Because Christianity (widespread) happened when the first books became distributable, one might falsely conclude that our Beguine mothers were Catholics. That would be un-true. The Beguines were around long before Catholicism became mainstream. The Beguines thrived during the dark and middle ages, when daily life was not so well documented, but just because it isn’t written, doesn’t mean it didn’t happen.
It’s not a surprise that the first book mass produced was the Bible, because the man who developed the printing press was Catholic. I have to say I’m a bit surprised and pleased with the blunt Wikipedia entry on the history of the Bible (and the added apology to Catholics).
By 500 A.D. the Bible had been translated into over 500 languages. Just one century later, by 600 A.D., it has been restricted to only one language: the Latin Vulgate! The only organized and recognized church at that time in history was the Catholic Church of Rome, and they refused to allow the scripture to be available in any language other than Latin. Those in possession of non-Latin scriptures would be executed! This was because only the priests were educated to understand Latin, and this gave the church ultimate power … a power to rule without question n… a power to deceive … a power to extort money from the masses. Nobody could question their “Biblical” teachings because few people other than priests could read Latin. The church capitalized on this forced-ignorance through the 1,000-year period from 400 AD to 1,400 AD knows as the “Dark and Middle Ages”.
Pope Leo the Tenth established a practice called the “selling of indulgences” as a way to extort money from the people. He offered forgiveness of sins for a fairly small amount of money. For a little bit more money, you would be allowed to indulge in a continuous lifestyle of sin, such as keeping a mistress. Also, through the invention of “Purgatory”, you could purchase the salvation of your loved-one’s souls. The church taught the ignorant masses . . . Pope Leo the Tenth showed his true feelings when he said, “The fable of Christ has been quite profitable to us!”
Editorial Note: Let us state at this point, that it is not our intent to offend or “bash” Roman Catholics. It is unavoidable that every historical account has its “good guys” and its “bad guys”. Just as it is impossible to accurately tell the story of World War Two without offending the Germans and the Italians who were undeniably the enemies of world peace at that time … it is equally impossible to accurately tell the story of the English Bible without unintentionally offending those who continue to revere the Roman Catholic and Anglican Churches.

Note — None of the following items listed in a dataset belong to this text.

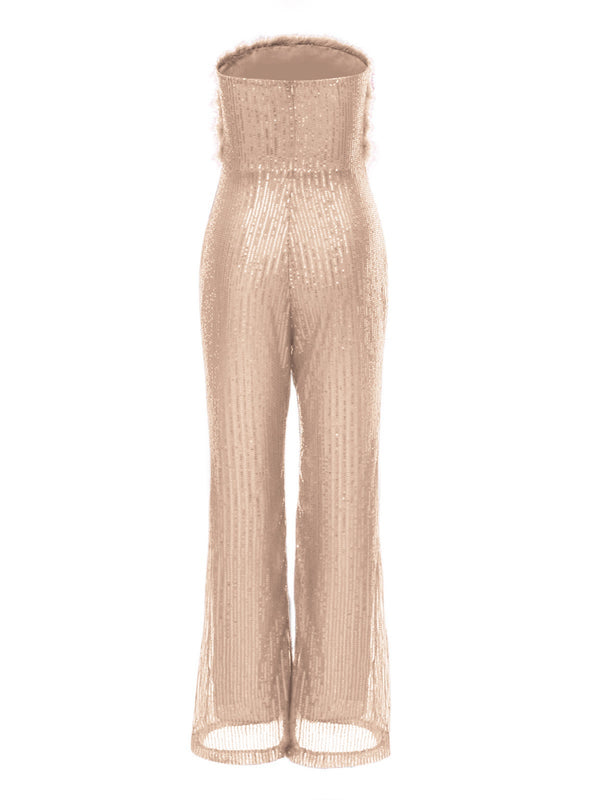 1950s Solid Feather Sequin Patchwork Strapless Jumpsuit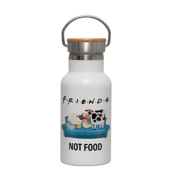 friends, not food, Μεταλλικό παγούρι θερμός (Stainless steel) Λευκό με ξύλινο καπακι (bamboo), διπλού τοιχώματος, 350ml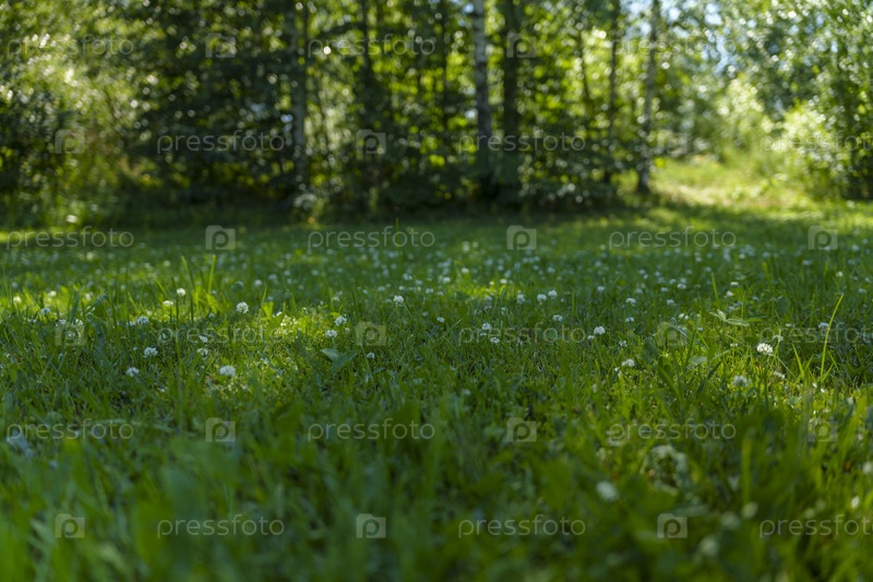 Зеленая трава и деревья в солнечный день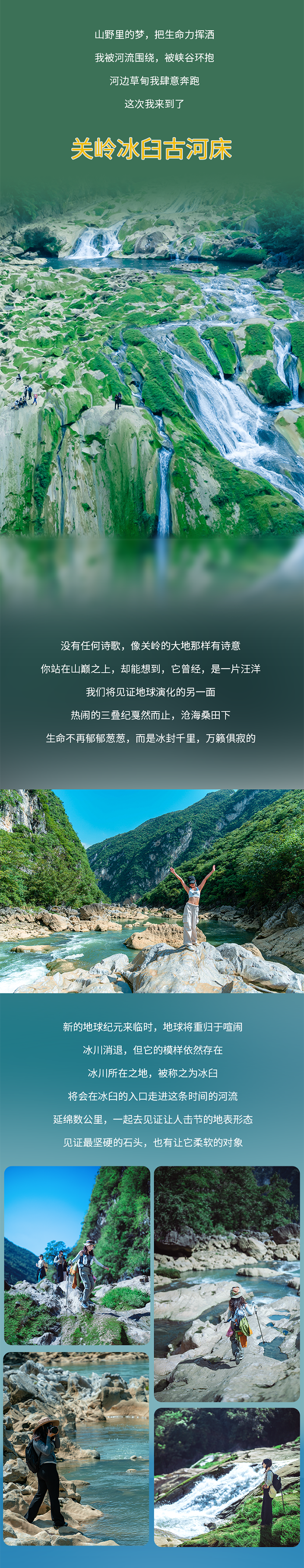 早餐后前往冰川时代遗留下的冰川地貌奇迹-关岭冰臼;沿古河道探寻第四纪冰川留下的神秘印记——数百个形态各异的冰臼群。有的如巨碗嵌于河床,有的如漩涡深入岩心,每个冰臼都是地球气候变迁的活化石,傍晚返回酒店后自由活动。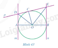 Cho đường tròn \(\left( {O;R} \right)\) đường kính \(AB\) và các đường thẳng \(m,n,p\) lần lượt tiếp xúc với đường tròn tại \(A,B,C\) (Hình 43). Chứng minh: a) \(AD + BE = DE\); b) \(\widehat {COD} = \frac{1}{2}\widehat {COA}\) và \(\widehat {COE} = \frac{1}{2}\widehat {COB}\); c) Tam giác \(ODE\) vuông; d) \(\frac{{OD.OE}}{{DE}} = R\).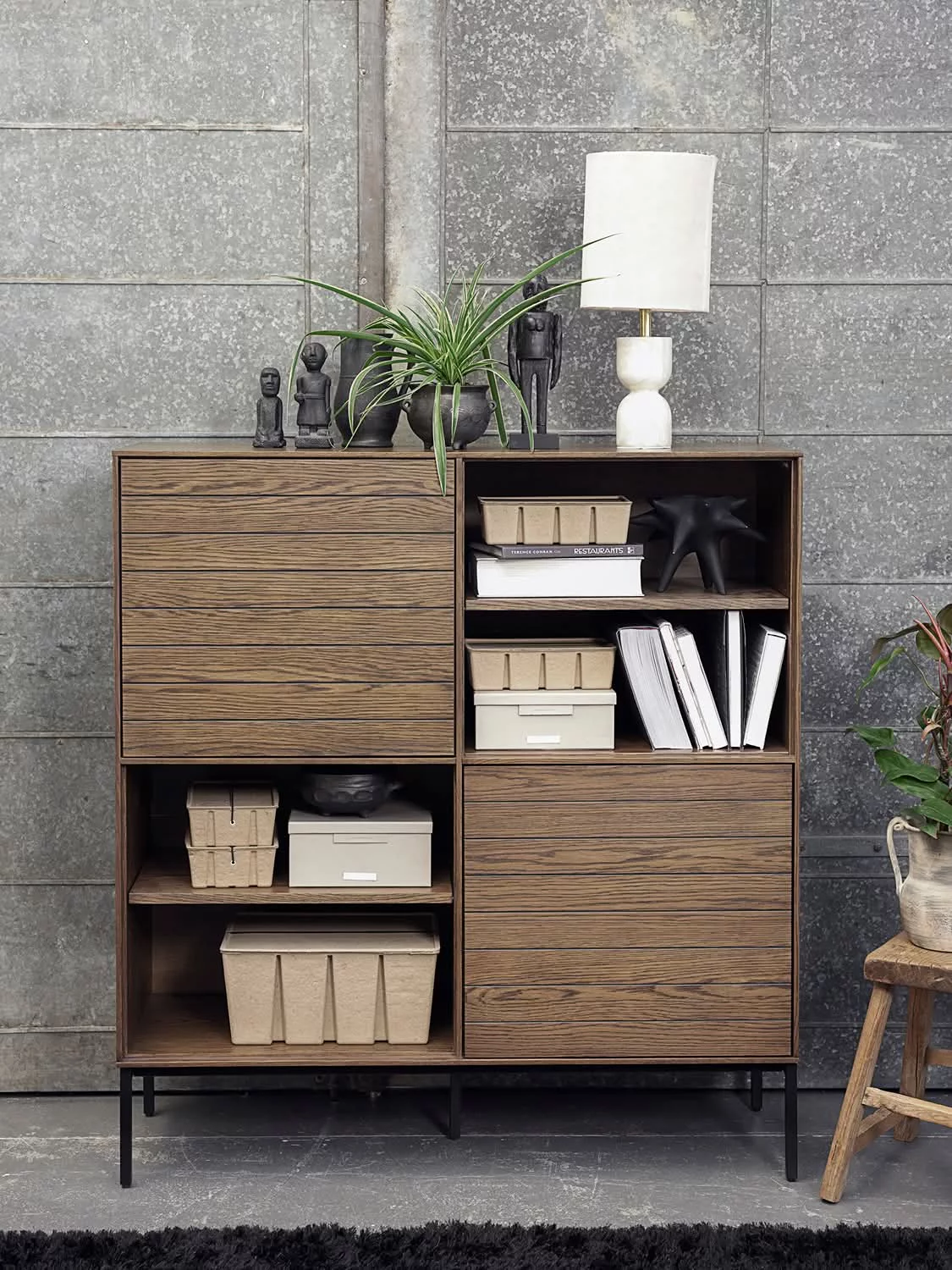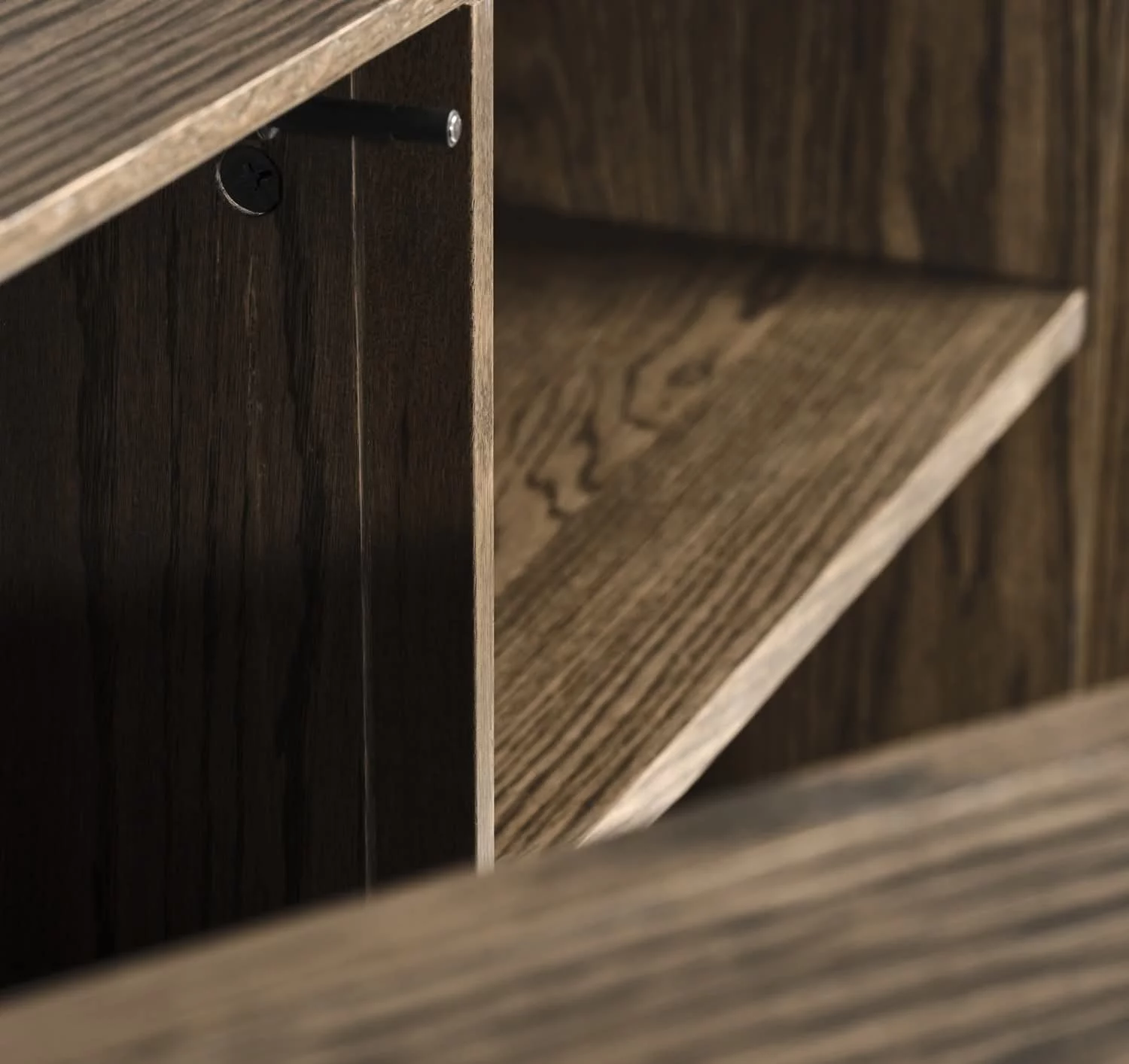 Dwie uchylne drzwi w kolorze dąb dymiony kryją w sobie cztery praktyczne półki, idealne do przechowywania książek, dekoracji czy dokumentów. Solidna konstrukcja gwarantuje stabilność, a minimalistyczny styl wpisuje się w aranżacje w duchu Modern.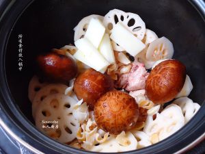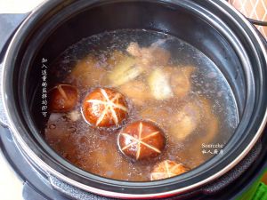 香菇洗干净,沥干水,百合洗干净;把所有食材放入锅中,加入适量的清水;大火烧开,转为小火慢炖45分钟;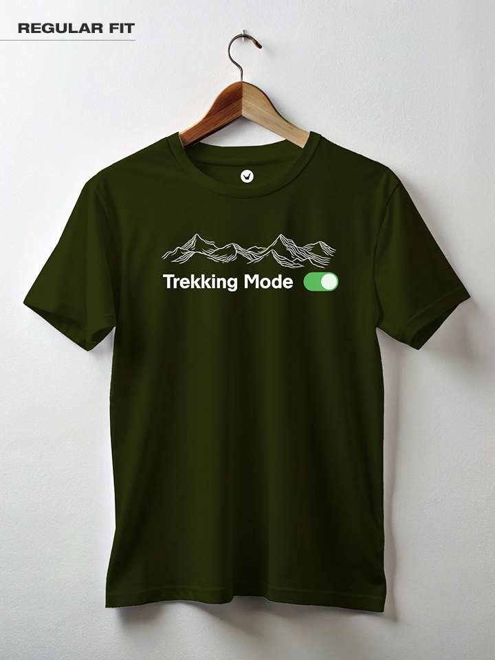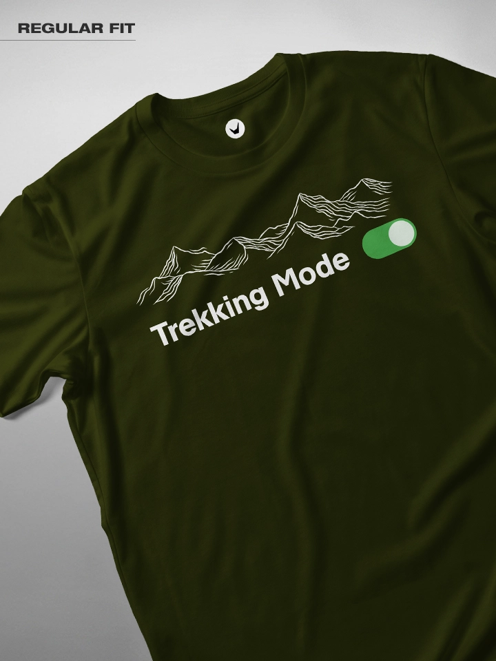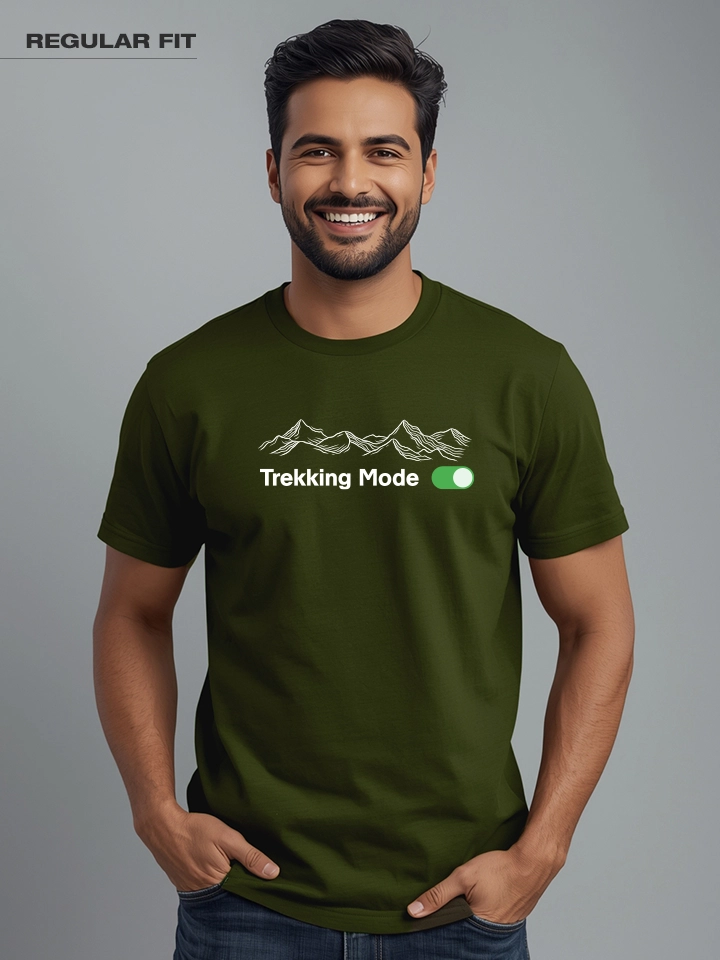 Trekking Mode – ON. Marathi Printed Unisex T-shirt Crafted from 180GSM Cotton with a round neck, pre-shrunk, bio-washed, and with half sleeves.

The Beguines thrived during the dark and middle ages. They were focused on helping the women. Their methods and order and spirituality drew women of all classes. They built housing and many devoted their lives to the enclaves and when they died, left their wealth to the enclave so more unfortunates could be brought in, taught a trade, put to work, given honorable lives. They didn’t live in the same house but clustered their homes. They owned businesses and houses, grew their own food and hemp and made clothing for themselves and to sell. They made medicines for themselves and to sell. They made jobs. That was their mission. That is ours.
Right now, this planet has a lot in common with the dark and middle ages. Just like back then, women and children suffer the brunt of the poverty stick. Just like back then, there is a certain hopelessness that sickens the spirit when people cannot have gainful employment. There is a malaise that happens when the deck is stacked against you – born poor, die poor. We are re-living that again. I call it the castle syndrome. But we, the descendants of the Beguines, intend to re-occupy the castles.